Subsequently, investors started dumping gold, with the amount of bullion contracts exceeding 63,000 within the next half-hour.
The parties behind the original 40,000 contracts remain unknown, and the initial trades were likely paid at below settlement price, meaning the total worth of the deals might have been just below $8 bln.
"We didn’t see any headlines, any news to make gold drop $10, but it just did,” Miguel Perez-Santalla of Heraeus Metals New York said. “It’s going with someone who has a huge position that can trigger stops and make the market move in a direction."
The trades might have been motivated by a recent report from the Swiss bank UBS AG, which said gold prices are unlikely to post further gains after a two-year rally.
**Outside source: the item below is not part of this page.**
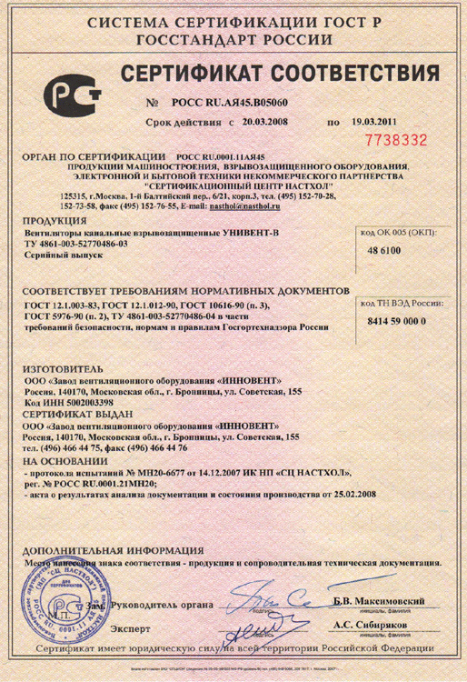 Сертификат соответствия № РОСС RU.АЯ45.В05060 на вентиляторы канальные взрывозащищенные УНИВЕНТ-В

UBS analysts suppose the rising US Fed interest rates, the strengthening dollar, and the decline in macroeconomic risks both in the US and overseas are all the factors playing against gold.
"Growth dynamics are improving, and although the momentum this year is unlikely to be replicated in 2018, growth is likely to remain steady," UBS strategist Joni Teves said. "Against this backdrop, it becomes difficult to justify a strong rally in gold prices. Yet we don’t think there is a compelling reason for a sell-off either."
Despite such a cautious outlook, some gold traders might have concluded the downside factors would outweigh the factors supporting gold prices. Tighter monetary policies in the UK and the European Central Bank’s (ECB) decision to start wrapping up its bond-buying programme are the two most recent overseas developments, resulting in a greater investor appetite for higher-yielding equity markets, rather than gold.
UBS analysts expect the dollar to rally against the yen – another global safe-have asset – and to weaken against the euro, meaning both the dollar and the euro are increasingly appealing as haven assets as well, particularly so in the near-term.
"Our analysis suggests that investors' exposure to gold has not increased dramatically over the past couple of years despite gold's gentle recovery from the end-2015 lows," Teves says.
In the past few months, the global gold market has seen several enigmatic bullion trades similar to that on Friday. In October, 2 mln ounces changed hands in 5 minutes, whilst in August, a similar amount of gold was traded within a minute – resulting, however, in an increase in the gold price. Back in June, some 1.8 mln oz changed hands within a minute.
Neither the sellers nor the buyers were explicitly named in any of these massive deals.